-- Task details --
Without copying any pictures, restate exactly the lines from the start of the records through the line containing "A scalloped tile".

-- Record excerpts --
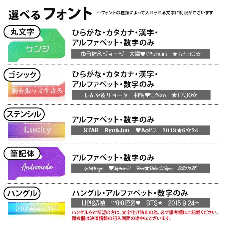 | オーダー内容 | ①印字する内容(フォントにより文字数上限が違います) ※上記はご注文手続き時にご記入ください。 ※文字数の上限については商品画像の「サイズとデザイン」をご確認ください。 |
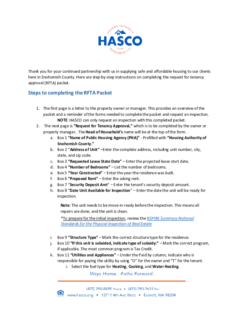 The Request for Tenancy Approval Packet is a real estate form used by property owners/managers and tenants in Washington to request an inspection for tenancy approval.
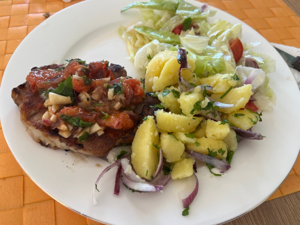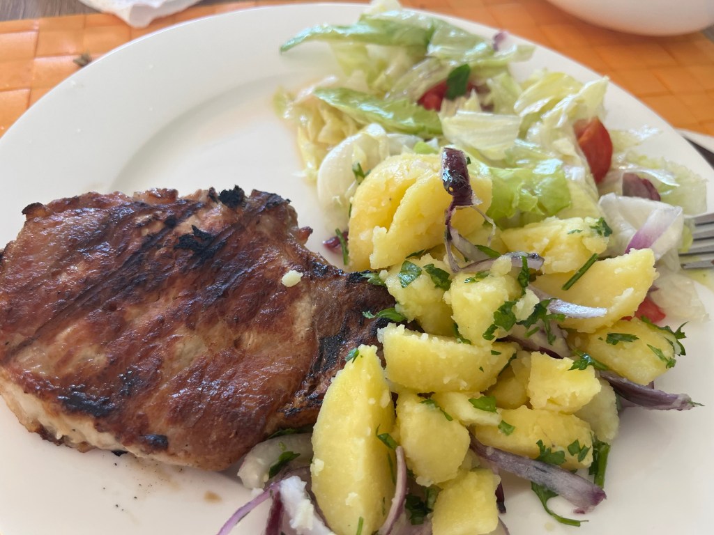 1) cotlet de porc cu os, servit cu salată de cartofi fierți, ceapa roșie, pătrunjel și sos sârbesc (sic).
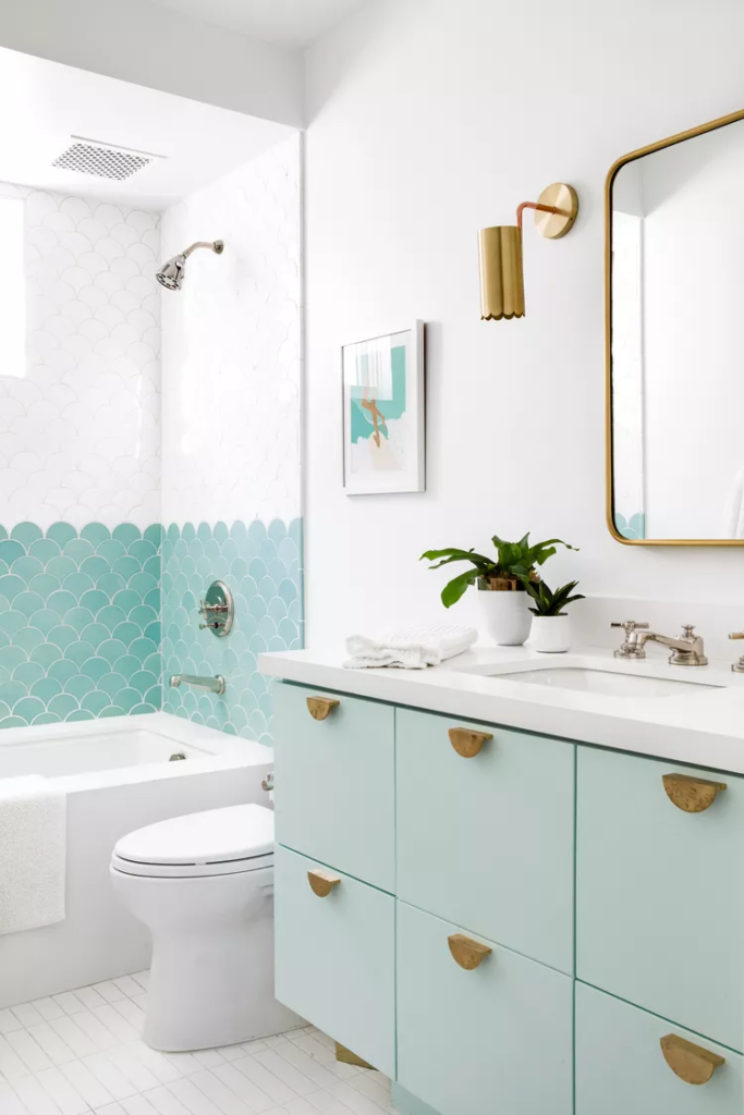 A scalloped tile design adds a playful coastal element to this small bathroom. A white, mint green, and brass color scheme keeps the space fresh and clean, allowing the unique tile shape to take center stage. The half moon-shaped hardware on the vanity drawers echoes the scalloped tile, as does the rounded edge of the wall sconce. The whimsical two-tone shower tile creates the illusion of water, adding to the ocean-inspired feel of the bedroom.
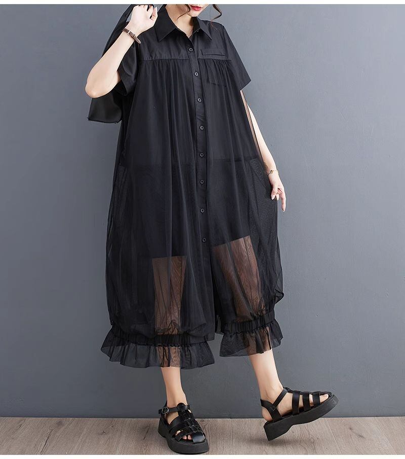【EEOOOJP】モード系 新作デザイン メッシュ スプライシング フェイクツーピース シャツワンピース 半袖ワンピース レディース ゆったり スリム ミドル丈ワンピース
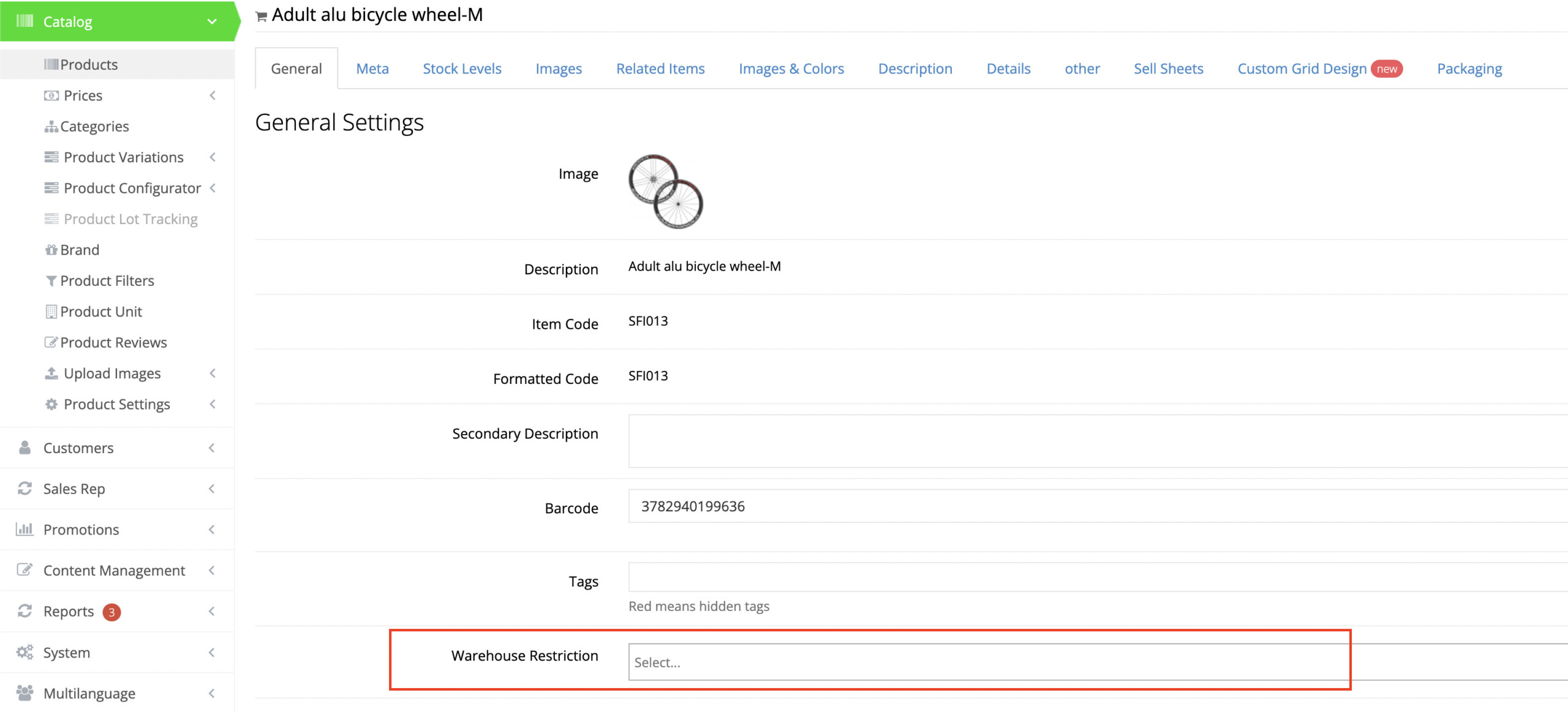 Once the feature has been enabled, you will have a new field called "Warehouse Restriction" when editing products under Catalog → Products.
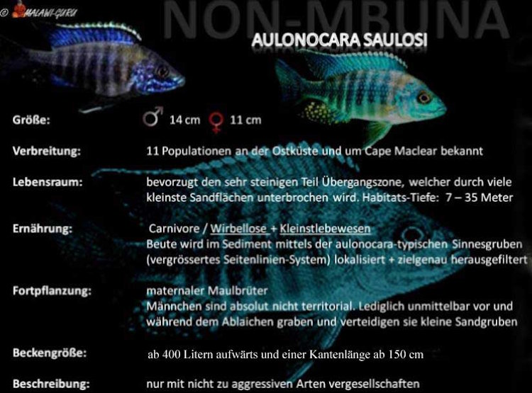 Durch das nicht-territoriale Verhalten, und die daraus resultierende Friedfertigkeit des Aulonocara saulosi ist es auch möglich, kleinste Gruppen (z. B. 2 M/4 W) zu pflegen.
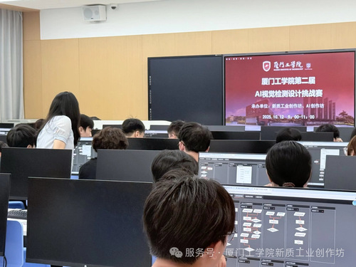 2025年10月12日9:00-11:00,厦门工学院第二届AI视觉检测设计挑战赛校赛在厚德大厦5楼机房顺利收官。本次赛事由新质工业创作坊与AI创作坊联合承办,以工业场景技术实践为核心,吸引全校各年级各专业学子踊跃参与,充分展现了我校学生的创新能力与实践风采。
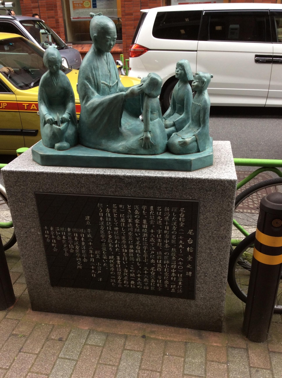 JR東京駅八重洲口から八重洲通りを進んだらすぐの所にある、八重洲ダイビルの脇道の柳通沿いにあります。幕末期の侍医を務めた漢方の名医でありながら、庶民の治療にも熱意を注いだ現代の漢方医学の手本となる医師であった方のようです。
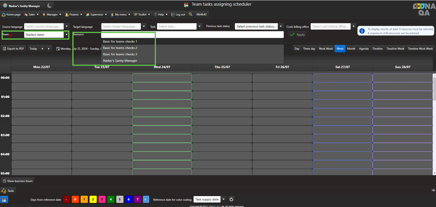 In Supervisor > Schedule > Team tasks assigning scheduler, choose a Production team from the “Team” dropdown menu. Only resources from that production team will be shown in the “Resource” dropdown menu, allowing for an easier view of the resources.
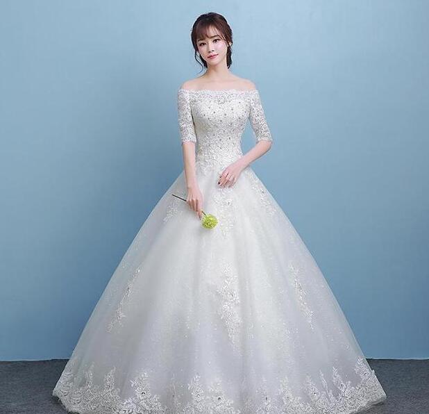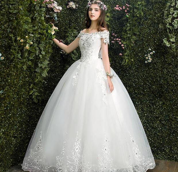 一款充满魅力的婚纱,它以一字肩将众人的视线吸引住,来感受这款婚纱的魅力,一字肩领将纤细的锁骨,优雅的颈部和精致的双肩展现,没有太多的俗媚感,更多的是惊艳美,这种美让人久久不能回神,彻底的迷失,精美的蕾丝贴花将其点缀,配合着收腰,展现出丰满的上围,纤细的腰肢,让你的好身姿展现而出,修长的曳地裙摆,伴随你莲步的轻移,不觉间竟有种梦幻般的感觉哦!

-- Solution for this exercise --
 | オーダー内容 | ①印字する内容(フォントにより文字数上限が違います) ※上記はご注文手続き時にご記入ください。 ※文字数の上限については商品画像の「サイズとデザイン」をご確認ください。 |
 The Request for Tenancy Approval Packet is a real estate form used by property owners/managers and tenants in Washington to request an inspection for tenancy approval.
 1) cotlet de porc cu os, servit cu salată de cartofi fierți, ceapa roșie, pătrunjel și sos sârbesc (sic).
 A scalloped tile design adds a playful coastal element to this small bathroom. A white, mint green, and brass color scheme keeps the space fresh and clean, allowing the unique tile shape to take center stage. The half moon-shaped hardware on the vanity drawers echoes the scalloped tile, as does the rounded edge of the wall sconce. The whimsical two-tone shower tile creates the illusion of water, adding to the ocean-inspired feel of the bedroom.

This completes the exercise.